Cole posits that another promising sign for the likelihood that history education can be the subject of meaningful and effective reforms is the gradual increase in attention paid to it and the increase in experts from a variety of disciplines (academic history, education, human rights, public health, and child and adolescent psychology) working in the field. There has been an increase in international learning about the field of history education, as there was in earlier decades in transitional justice in the development of NGOs, and of women’s and indigenous rights. Valuable studies—some of the first large-scale comparative ones in the field—were carried out by the Human Rights Center at the University of California, Berkeley, in close collaboration with local human rights and education specialists. At the level of transnational institutions, UNESCO has supported studies of education and its connection to post-conflict social reconstruction. In Europe, the Georg Eckert Institute, Euroclio, and the Thessaloniki-based Center for Democracy and Reconciliation in Southeast Europe have all been active in spearheading collaborative international projects to examine and reform history textbooks, curricula, and teaching practices. Conferences and exchanges for educators from different transitional societies to share their experiences and approaches, often including South African, Northern Irish, German, and Polish educators, have become more common.

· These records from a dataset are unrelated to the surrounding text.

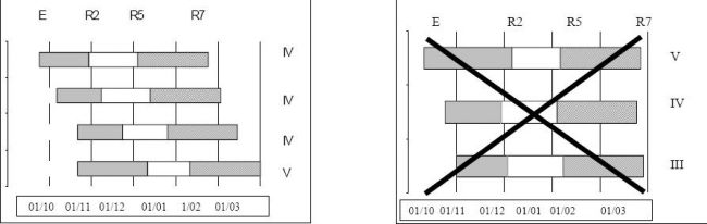 Con respecto al uso de cultivares de distinto ciclo y fechas de siembra en los cuadros de abajo, se detallan dos situaciones contrastantes de manejo. Por un lado, en el cuadro A se observa una elección de cvs y fechas de siembra adecuada, donde con sólo dos cultivares de dos GM diferentes se obtiene un escalonamiento de sus períodos críticos. Por otro lado, en el cuadro B se observa que de utilizarse en cada fecha de siembra un cultivar del GM que mejor se comporta en cada una de las mismas, se puede generar involuntariamente una sincronización del período crítico de todos los cultivares, con el consiguiente aumento del riesgo ante eventuales inclemencias climáticas y/o la ocurrencia de ataques de plagas.
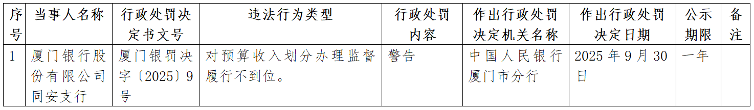 厦门银行股份有限公司同安支行因对预算收入划分办理监督履行不到位,被警告。
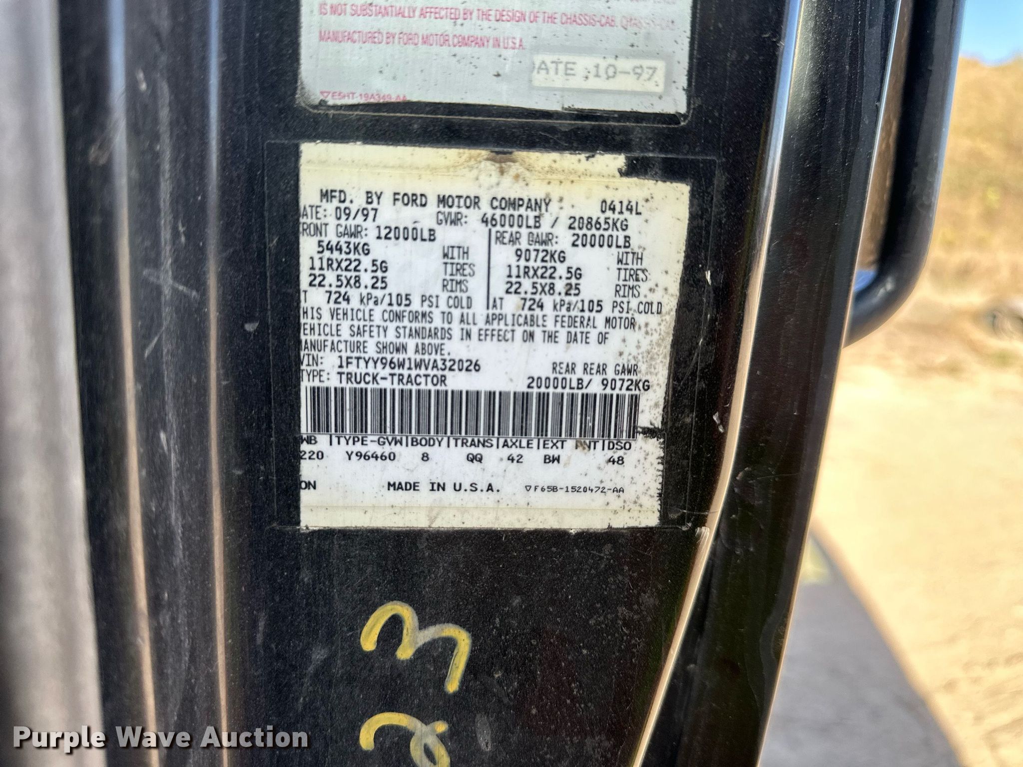 Purple Wave is selling a used Truck Tractor in Iowa. This item is a 1998 Ford AT9513 semi truck with the following: Miles: 701,113 on odometer, VIN: 1FTYY96W1WVA32026
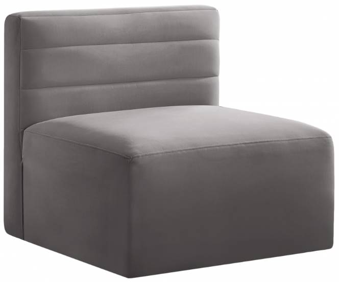 The soft grey velvet upholstery is sleek to the touch, and the back of the unit features deep horizontal channel tufting for a look that wows. Because this is a modular seating option, you can pair it easily with other items in the Quincy collection to create a look you love. Latches underneath make it easy to mix and match items from the collection.
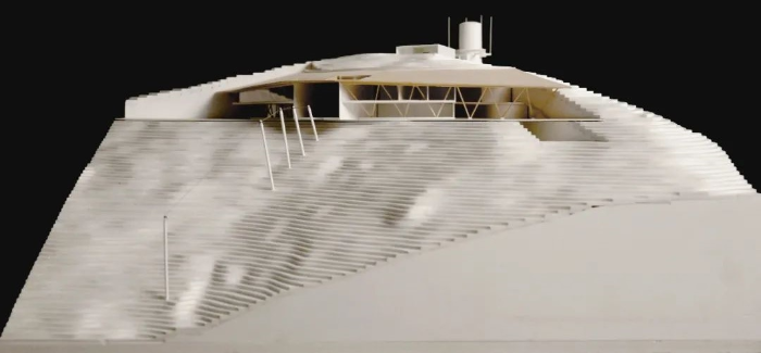 出發(fā)區(qū)需要更多地引入關(guān)于奧運(yùn)的文化主旨去回應(yīng)承辦國家特色的宏大命題。協(xié)調(diào)建筑與自然的關(guān)系就是我們文化的一部分。山頂出發(fā)區(qū)建筑內(nèi)部容納索道站并提供運(yùn)動員休息空間。根據(jù)索道安全運(yùn)行的場地水平長度需求,進(jìn)行了適量土方開挖,形成半覆土建筑,設(shè)計(jì)控制建筑體量,最高點(diǎn)不高于小海坨峰頂?shù)暮0胃叨?,表達(dá)對自然的敬畏。山頂出發(fā)區(qū)擁有獨(dú)特的景觀視野,外立面從外到內(nèi)考慮深遠(yuǎn)挑檐、廊道露臺、遮陽景窗等空間化設(shè)計(jì)方式,綜合解決了功能、節(jié)能和美觀的多方面需求。建筑以坡屋面回應(yīng)中國傳統(tǒng)建筑的歷史淵源,以樸實(shí)的木瓦作為屋面材料體現(xiàn)地域及場所特征,表明本屆冬奧會承辦國家的文化特質(zhì),同時(shí)坡屋面造型經(jīng)過了幾何化操作,又賦予其一定的獨(dú)特性和當(dāng)代性。頂部設(shè)置的觀山廊和“長卷”景窗提供了可以遠(yuǎn)眺國家雪車雪橇中心、延慶冬奧村和山地新聞中心的平遠(yuǎn)景致,一幅勝景映現(xiàn)于觀者的眼前,錯綜的賽道擬合于海坨山脈,正如雛燕之形,暨場館“雪飛燕”命名的由來。
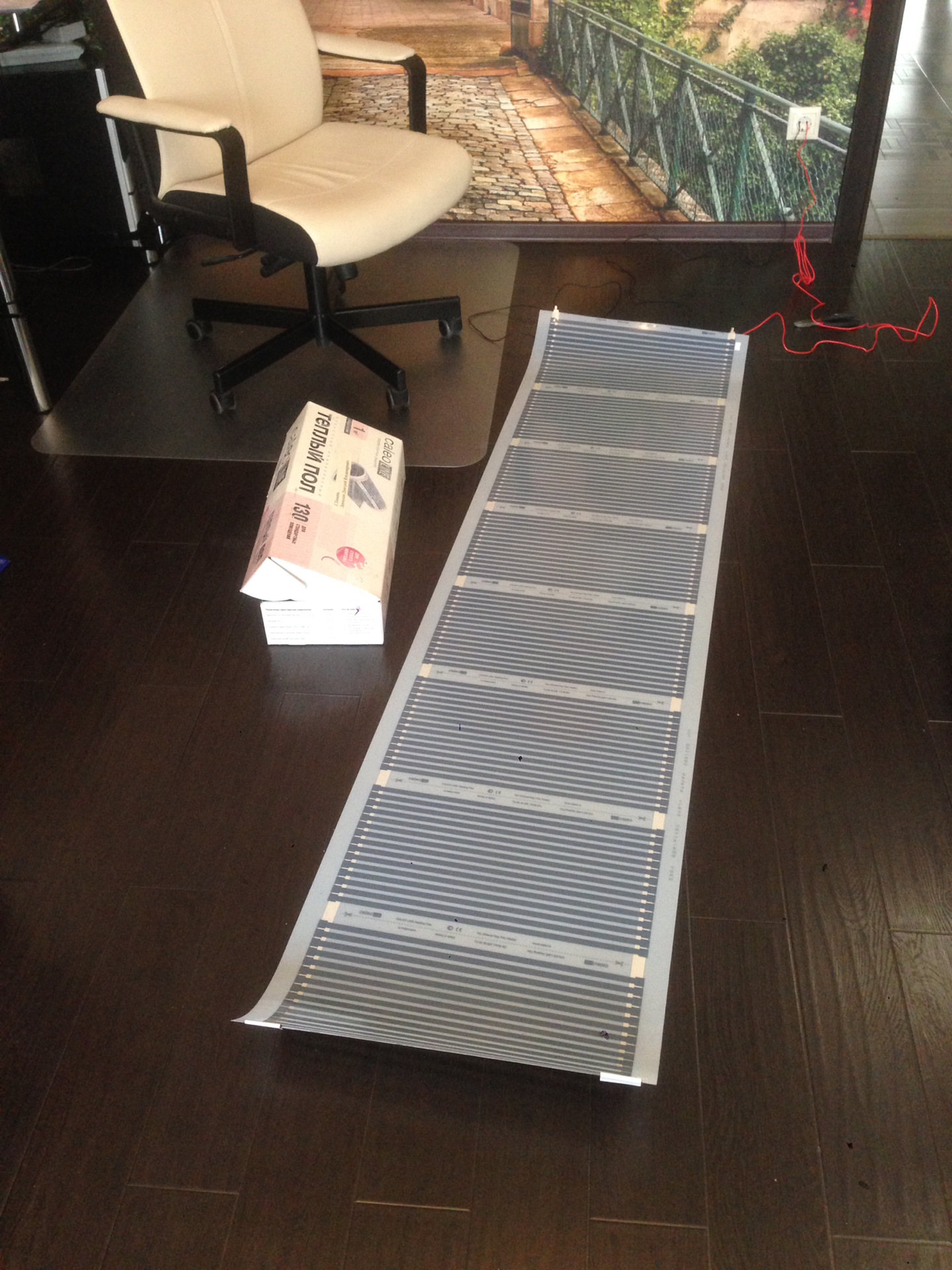 На подогрев пошла одна полоса теплого пола. На эту площадь производитель заявляет потребление всего каких-то 32,5 вт

Cole concludes her article with several recommendations, drawn primarily from the Carnegie Council study and the USIP-sponsored conference mentioned above. The first is that educators and historians should be involved from the beginning in planning transitional justice interventions. Educators as well as legal scholars and political and religious leaders should be given a stake in the work of transitional justice.
One prime topic might be to investigate what the relationship between historical/ history textbook commissions and history education reform can tell us about truth commissions and history education, since more is known about changes in history education in the aftermath of historical commissions. Although historical commissions are not yet counted among mainstream transitional justice mechanisms, they have been used in long-term efforts to reckon with the past, particularly in Europe, and are currently being tried in the context of several historical conflicts. Textbooks have been revised as a result of the findings of historical commissions, and are often cited as important components of furthering long-term reconciliation between Germany and several World War II-era victim groups, particularly France, Poland, and the Czech Republic. There is ample documentation of the changes in narratives that young people in Germany, France, Poland, and the Czech Republic have learned as a result of history education reform, particularly through the studies done by the Georg Eckert Institute, which both consults on history education reform as well as carries out research on history textbooks as they relate to conflict and democracy. The evidence from European historical commissions and history education reform may well be useful in trying to assess the effects that history education revision, as a long-term follow up to truth and reconciliation commissions (TRCs), may have on intergroup relations.
Mirela-Luminita Murgescu, in an article titled “Rewriting School Textbooks as a Tool of Understanding and Stability,” says that in spite of all particularities of the different countries in the region, there are obviously some common problems of history teaching in all Southeast European countries. The tendency to present an ethnocentric vision of history, which presents “the nation” as the main historical actor even for periods when it was not relevant, or for processes that happened at a local or regional level, has been stressed in many countries by the didactic division between national history and world history, which are taught in different grades, as distinct disciplines. Equally significant is the tendency to present all of history as a continuous heroic struggle of the home nation, which had to resist the hostility of the rest of the world. Such a sharp division between “we” and “they” allows textbook authors to explain present dissatisfactions as the outcome of the malicious action of external factors.
Another sensitive point in textbooks, especially in history textbooks, is the inability to rise above a one-sided vision of history. In this perspective, each textbook presents exclusively the version of history of its own political, national, or ethnic community. It is usually only the experience of one’s own ethnic group with other groups that is presented, but not the experiences the “others” have with “us.” The experiences of Croats during the interwar period in Yugoslavia are not included in Serbian textbooks, just as the experience of Serbian families during the Ustasha regime are at best presented at a superficial level in Croat textbooks.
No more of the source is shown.